Melva Bucksbaum
Melva Jane Bucksbaum (née Venezky; April 5, 1933 – August 16, 2015) was an American art collector, curator and patron of the arts.
The daughter of Russian Jewish immigrants to the United States she was born in Washington, D.C. and attended the University of Maryland.[1] She married her second husband Martin Bucksbaum in 1967. He built shopping centers and started real estate investment trusts in Iowa and there she became the President of the Des Moines Art Center board. Martin Bucksbaum died In 1996 and in memoriam the family endowed a chair at the Graduate School of Design at Harvard University, The Martin Bucksbaum Professorship in Urban Planning and Design.[2]
Bucksbaum began serving on the Whitney Museum of American Art's board of trustees in 1996 and eventually became its Vice Chairwoman.
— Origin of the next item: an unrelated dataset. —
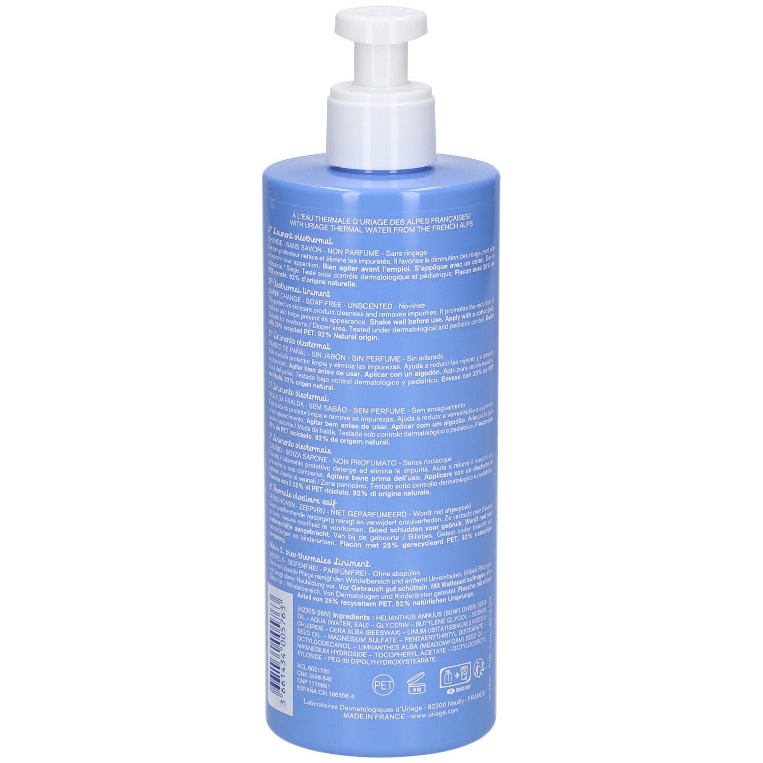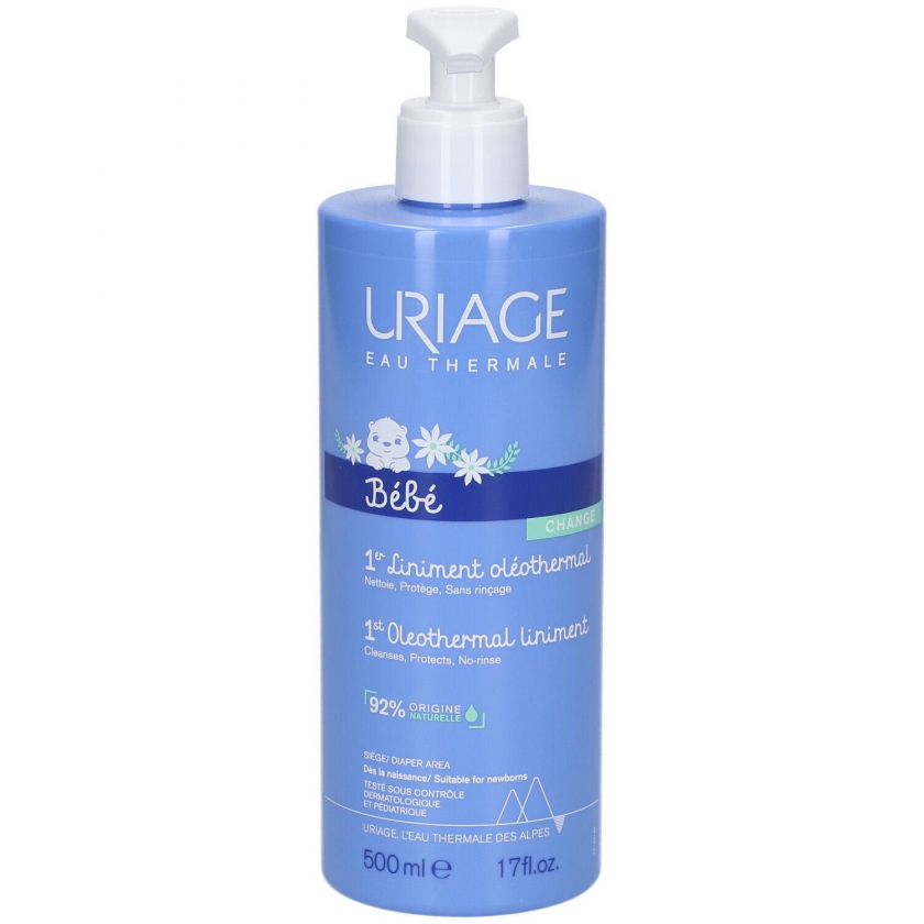 Защитное масло для ухода за кожей новорожденных Uriage Baby 1st Liniment Oleothermal. Очищает кожу, удаляет загрязнения, снимает покраснения и предотвращает раздражения. Объем 500 мл.

In 2001 she married her fellow Whitney trustee, Raymond J Learsy.[3] Together Bucksbaum and Learsy lived admist their collection of over four hundred contemporary, impressionist, modernist and post-impressionist works, including pieces by; Vanessa Beecroft, Gregory Crewdson, Nan Goldin, Robert Mapplethorpe, David Salle, Richard Serra, Terry Winters, Henri Mattisse and Su-en Wong. They also owned works by Peter Paul Rubens, In 2004–2005 Francesco Clemente painted a portrait of the couple.[4] In 2000 she and her family inaugurated the Melva Bucksbaum Prize with an award of $100,000 to an individual contemporary artist and an exhibition of the artist's work at the Whitney.[5]
Bucksbaum died at her home in Aspen, Colorado from bladder cancer on August 16, 2015 at the age of 82.[6] She is survived by her second husband as well as Mr. Learsy, survivors include her sons, Gene and Glenn Bucksbaum; her daughter, Mary Bucksbaum Scanlan; her stepchildren, Bill and Peter Lese and Olexa Mandelbaum; seven grandchildren; and six stepgrandchildren.
References
- ↑ "Log In". mobile.nytimes.com. Retrieved 2015-09-21.
- ↑ "Melva Bucksbaum Obituary - Des Moines, IA | Des Moines Register". legacy.com. Retrieved 2015-09-21.
- ↑ "Influential art patron Melva Bucksbaum dies at 82 - Business Record". businessrecord.com. Retrieved 2015-09-21.
- ↑ "Mary Boone Gallery - Francesco Clemente, Portrait of Ray Learsy and Melva Bucksbaum". maryboonegallery.com. Retrieved 2015-09-21.
- ↑ "Melva Bucksbaum (1933–2015) - artforum.com / news". artforum.com. Retrieved 2015-09-21.
- ↑ "Beloved Collector Melva Bucksbaum Has Died—artnet News". news.artnet.com. Retrieved 2015-09-21.